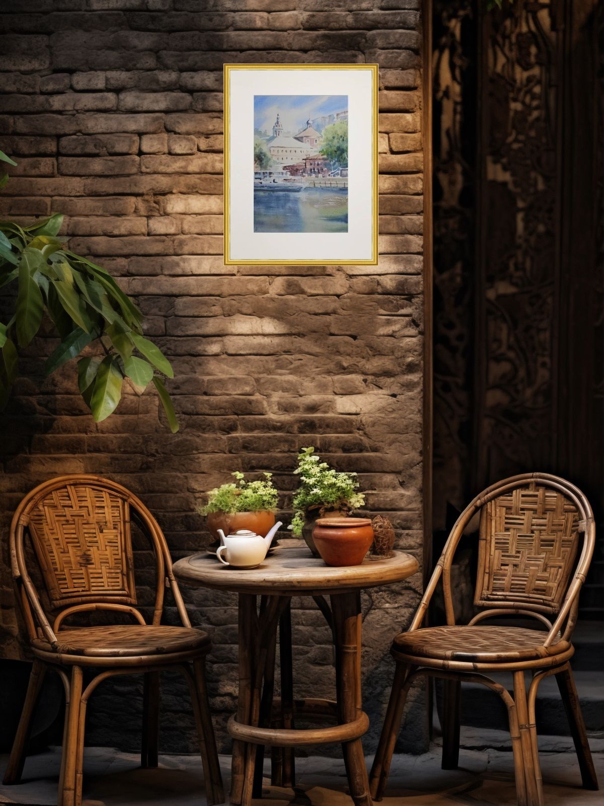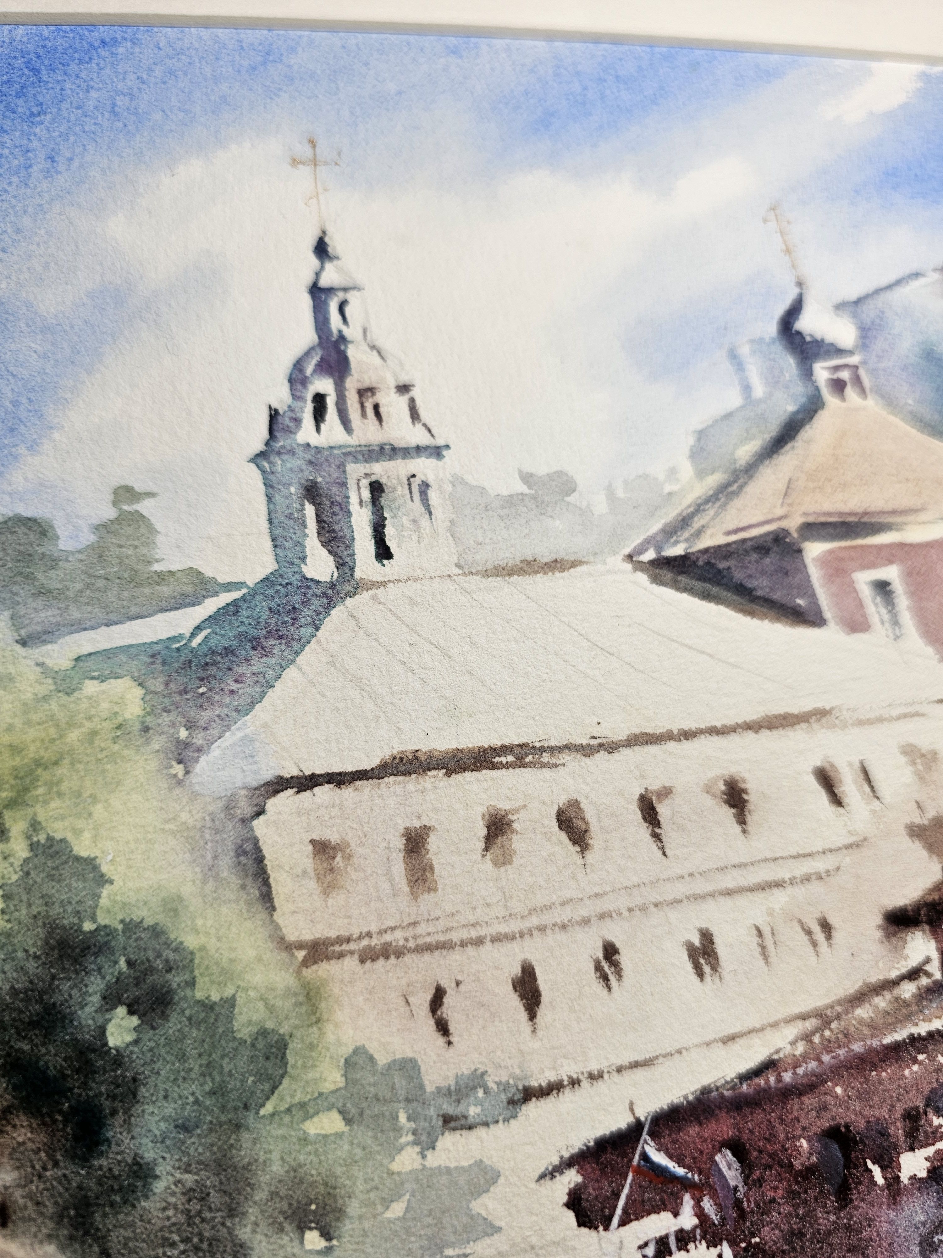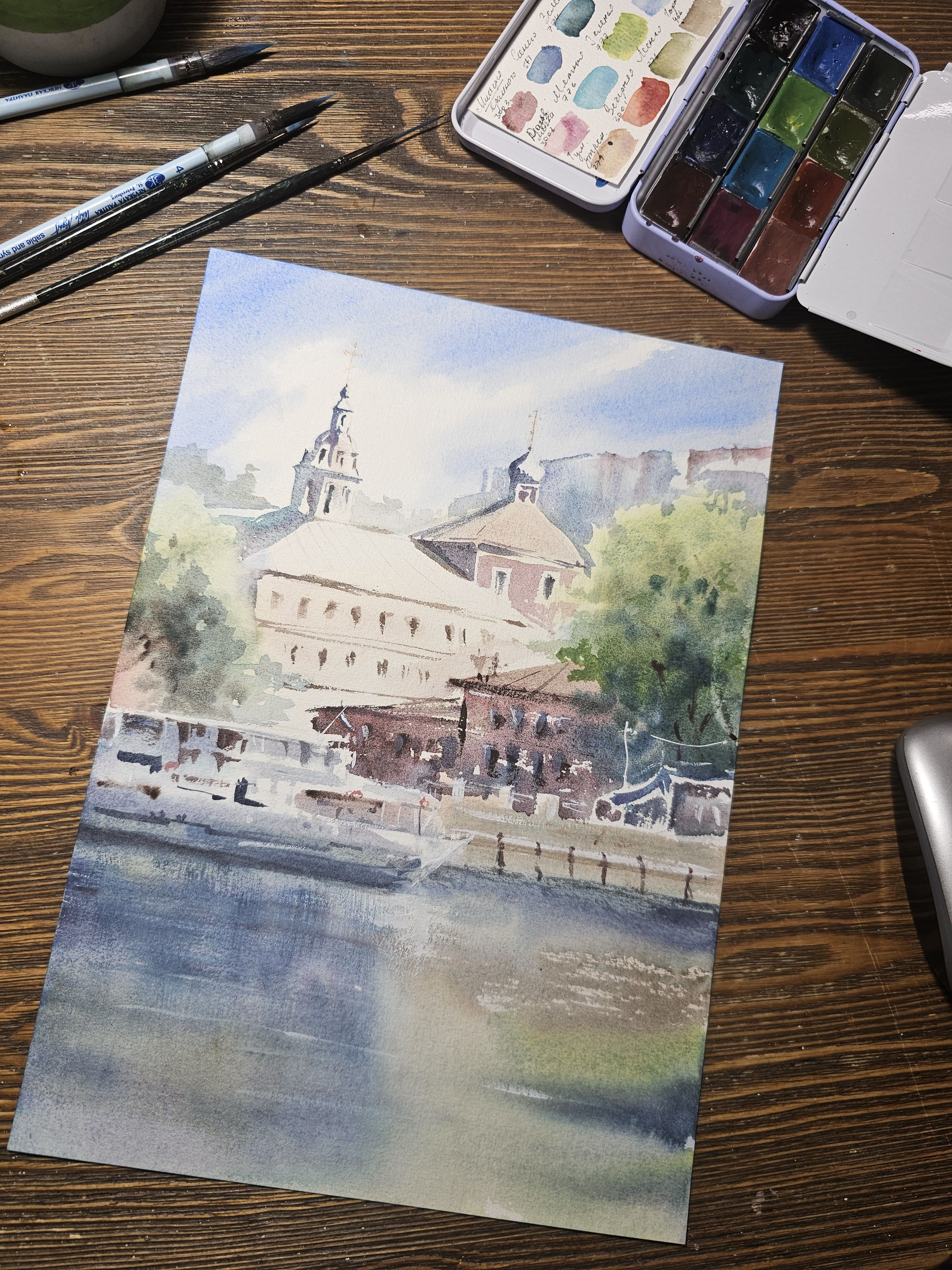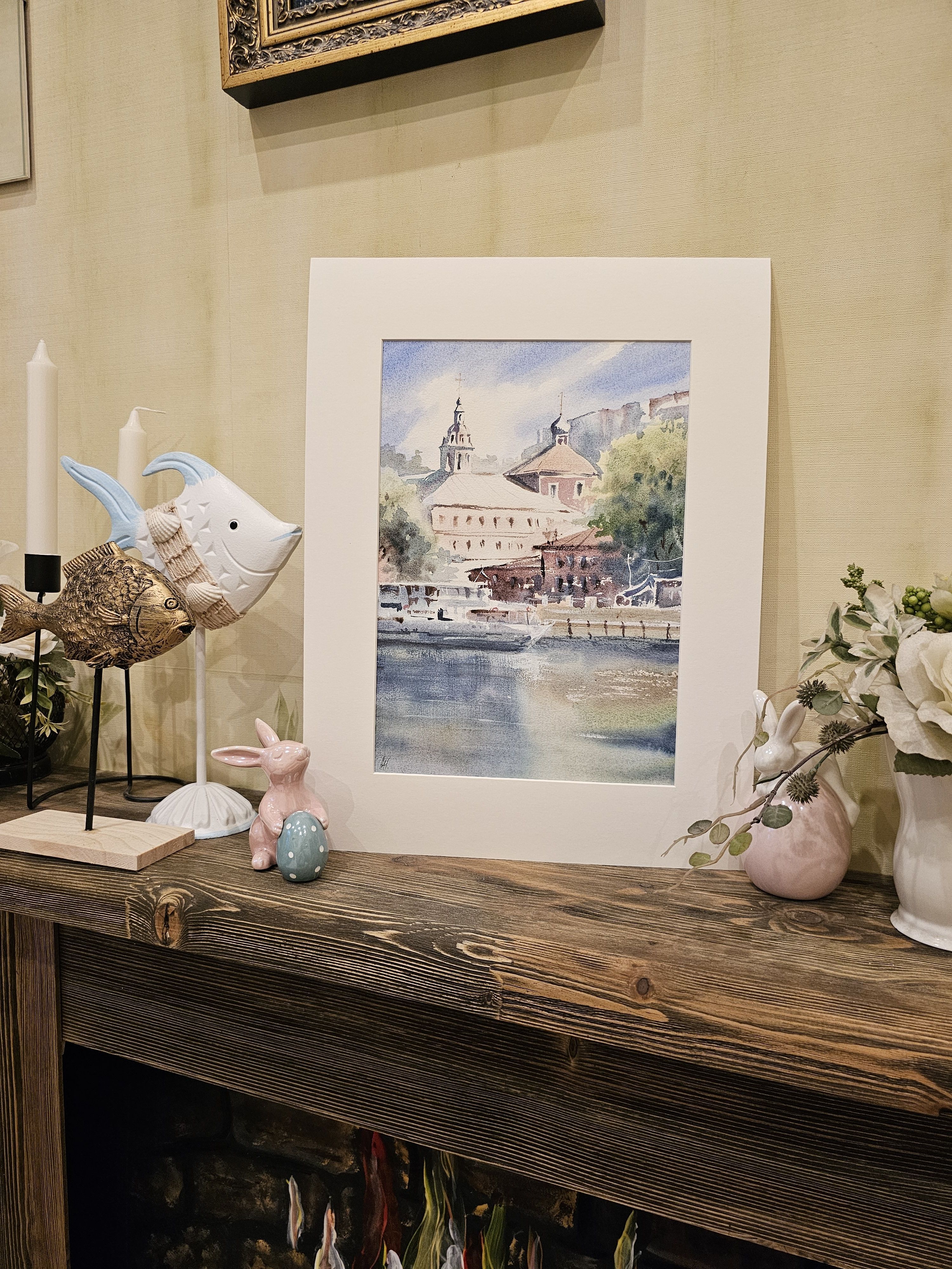 Нам представлена акварельная картина, изображающая вид на архитектурные строения на Андреевской набережной г. Москве. Здания окружены зеленью, а перед ним видна водная поверхность реки. У причала стоит прогулочное судно и ждет своих посетителей. Картина выполнена в мягких пастельных тонах, с преобладанием голубых и зелёных оттенков. Атмосфера на изображении спокойная и умиротворяющая, передающая чувство летнего дня.Работа оформлена в светлое паспарту и готова для размещения в раме стандартного размера.
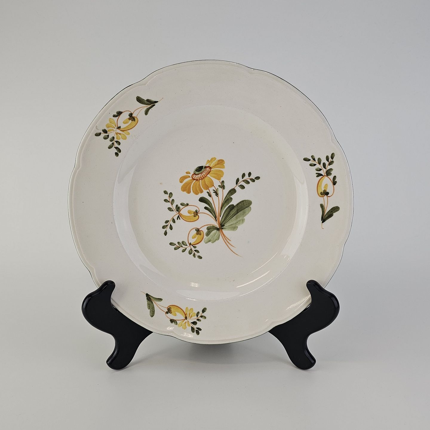 Hvidt fajancestel i stelform Feston/Alma med motiv af gule blomster og grønne blade.
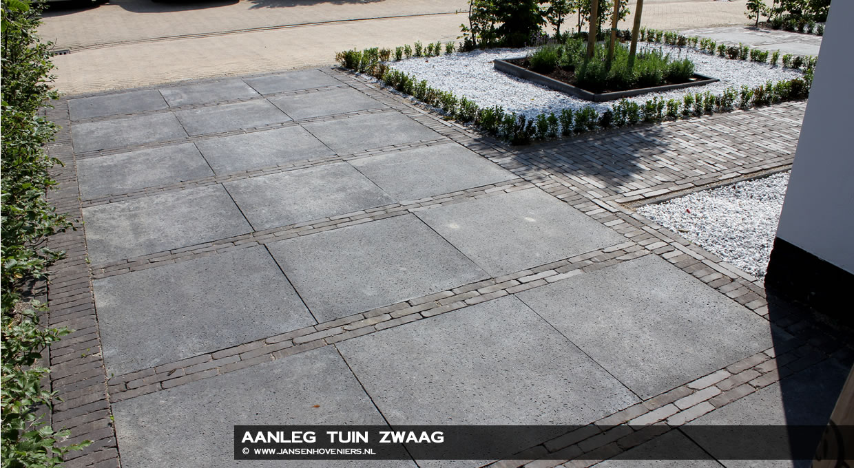 Voor de voortuin is er gekozen voor statige uitstraling met veel strakke lijnen. De sierbestrating bestaat uit gebakken waalformaat antraciet met schellevis tegels antraciet 80x80cm. De vakken aan de voorkant zijn bedekt met arctic grey split (icy blue) en voorzien van een buxushaag voor het contrast.
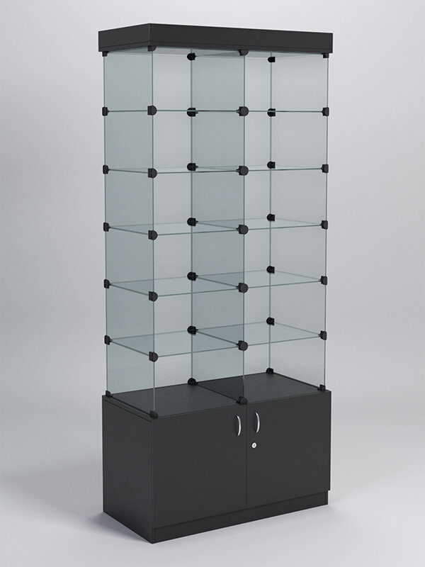 Витрина стеклянная "КУБ" №503 (без дверок, передняя стенка - стекло), Черный 90 x 47 x 210.6 см информация:
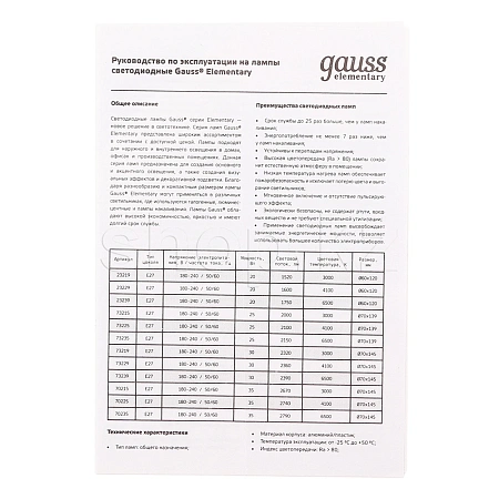 Лампы Gauss выполнены с учетом всех норм и требований СанПиН, что гарантирует безопасность работы и длительный срок эксплуатации - до 25000 часов. Помимо высокой мощности, такая модель устойчива к вибрациям, механическим ударам, а также обладает высокой термостойкостью.
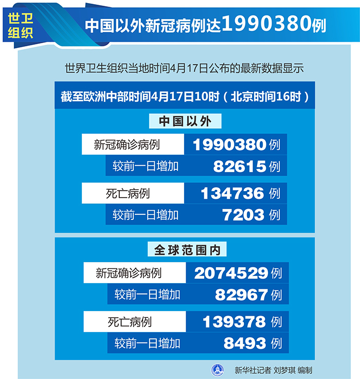 新華社日內瓦4月17日電(記者劉曲)世界衛生組織17日公布的最新數據顯示,中國以外新冠確診病例達到1990380例。
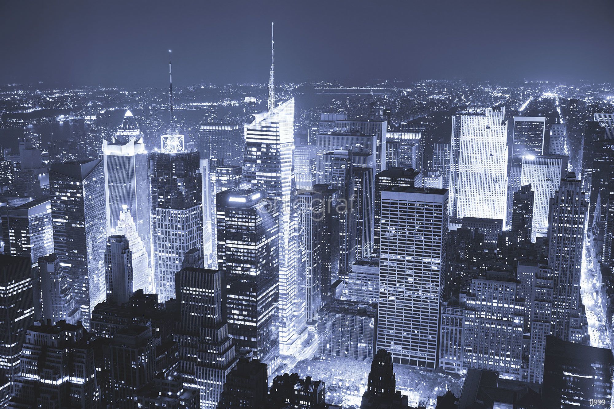 Панорамный вид на ночной мегаполис с высотными зданиями и освещёнными улицами, снимок выполнен в урбанистическом стиле. Такой сюжет создает атмосферу динамики, современности и открытого пространства, идеально подчеркивая стиль интерьера. Подойдет для помещений, где ценится энергия большого города и минималистичный акцент.
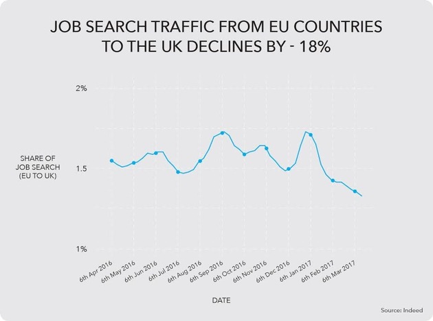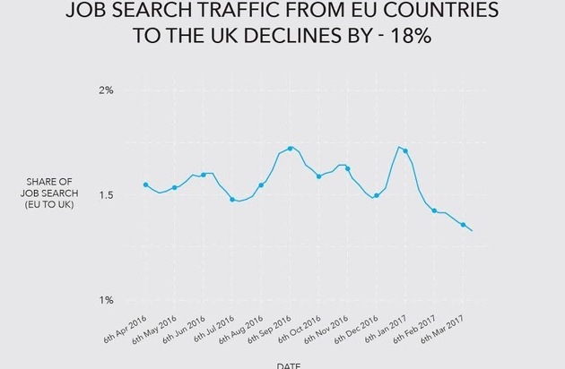 - Die Zahl der Europäer, die online einen Job in Großbritannien suchen, ist seit Januar 2017 um 18 Prozent zurückgegangen.

+++

Exercise.
Can the lines from the one with "(без дверок, передняя" to the end of the records above be quoted exactly, both ends included, with every picture omitted?

Worked solution.
 Витрина стеклянная "КУБ" №503 (без дверок, передняя стенка - стекло), Черный 90 x 47 x 210.6 см информация:
 Лампы Gauss выполнены с учетом всех норм и требований СанПиН, что гарантирует безопасность работы и длительный срок эксплуатации - до 25000 часов. Помимо высокой мощности, такая модель устойчива к вибрациям, механическим ударам, а также обладает высокой термостойкостью.
 新華社日內瓦4月17日電(記者劉曲)世界衛生組織17日公布的最新數據顯示,中國以外新冠確診病例達到1990380例。
 Панорамный вид на ночной мегаполис с высотными зданиями и освещёнными улицами, снимок выполнен в урбанистическом стиле. Такой сюжет создает атмосферу динамики, современности и открытого пространства, идеально подчеркивая стиль интерьера. Подойдет для помещений, где ценится энергия большого города и минималистичный акцент.
 - Die Zahl der Europäer, die online einen Job in Großbritannien suchen, ist seit Januar 2017 um 18 Prozent zurückgegangen.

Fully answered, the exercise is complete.